Recently I had a chance to visit Michele Savoia in the Lower East Side in New York City. He’s a larger than life character who learned the tailoring craft in his Sicilian grandfather’s workshop. Savoia has a broad interest in all things related to design and considers himself a designer in all fields, not just a tailor. You can see this when you visit his new store, which opened in November of last year. At the front, you’ll see a vintage Harley-Davidson motorcycle, which he rebuilt, as well as the layout and interior which he designed and furnished.
The shop is furnished like a men’s club with an executive office in the back for clients, a vintage pool table, a stocked bar at the back and dressing rooms on the left. Although the setting and backdrop is completely different, the shop reminded me of Marc Guyot in Paris. Both embody the look and feel of a private men’s club from the first half of the 20th century. I should note the clothes are cut and made in a different location.

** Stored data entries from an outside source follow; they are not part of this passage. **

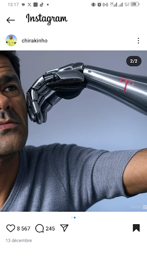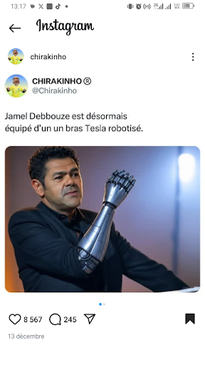 Sur le réseau social Instagram, un internaute a posté deux images de l’humoriste franco-marocain Jamel Debbouze avec un bras métallique, prétendument qu’il porterait un bras Tesla robotisé. Après nos recherches, nous en arrivons à la conclusion que l’image est très probablement le fruit de l’intelligence artificielle (IA).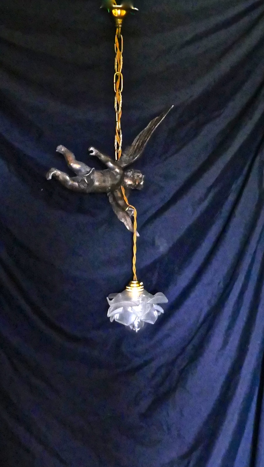 Pretty French Ormolu Cherub Ceiling Pendant c.1910
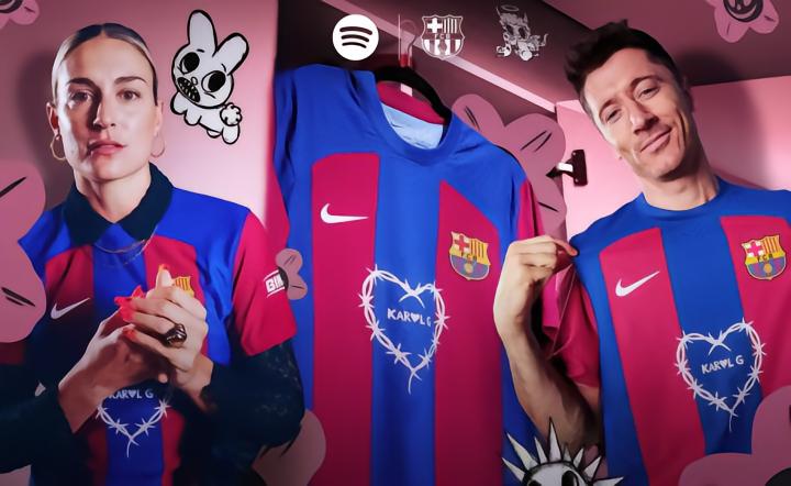 巴萨延续了与Spotify合作的传统并持续推出相关联名球衣,这一次是与哥伦比亚女歌手KAROL G合作,她连续四年成为Spotify全球播放量最多的拉丁音乐女艺人,她的《Provenza》、《TQG》和《Qlona》等歌曲在全世界流行。

If you enjoy theatre, you’ll see his suits and jackets in a show or two. For one actor, Savoia described having to create jackets with 5 different lapels – clover, flat peaks, etc. You get the sense he has an encyclopedic knowledge of men’s clothing. In terms of cut, he can do a natural or more structured shoulder depending on the customer.
Finally, the store has a wonderful library and collection of books and magazines on men’s clothing, film and sundry related topics. I mentioned to Savoia’s business partner, Pete, that it’s a very nice touch. If you judge a tailor strictly by his book collection, Savoia comes out extremely well. I spotted volumes by Bruce Boyer, Flusser, vintage copies of Esquire from the 1940s, Ian Kelly’s and Nick Foulkes’ biographies of Beau Brummel and Count d’Orsay and much more. All in all, probably the best library of any men’s shop or tailor I’ve seen.
What an interesting dressing gown. Do you know what it was made of?
When I was at the store, I asked Savoia's business partner (Pete) about this item, specifically the fabric. I originally thought it was a vintage fabric but it's actually contemporary. However, the material's name escapes me!
Thanks. did they have other dressing gowns on display as well?
I think that was the only one they had on display when I visited. But now that I think about my conversation with Pete, the photo may actually be showing a lightweight topcoat rather than a dressing gown.
It is a topcoat. I know Pete very well and it is a coat, not a dressing gown. The lining is bright red, and similar to most of Pete's clothes, it was a custom job to his own design.
Also, a bit of a side note, Pete is no longer with Savoia.
What's the price of a sport coat there? Friend of mine got one custom made. It's gorgeous and now I want one. What do you think ballpark?
I don't have their latest prices. But if it's made in NYC, then it will be priced accordingly.
Michele Savoia donated a bespoke cashmere jacket to a New York charity poker game as a grand prize and the value was $6500. So, I'd imagine you are looking at $4k at least.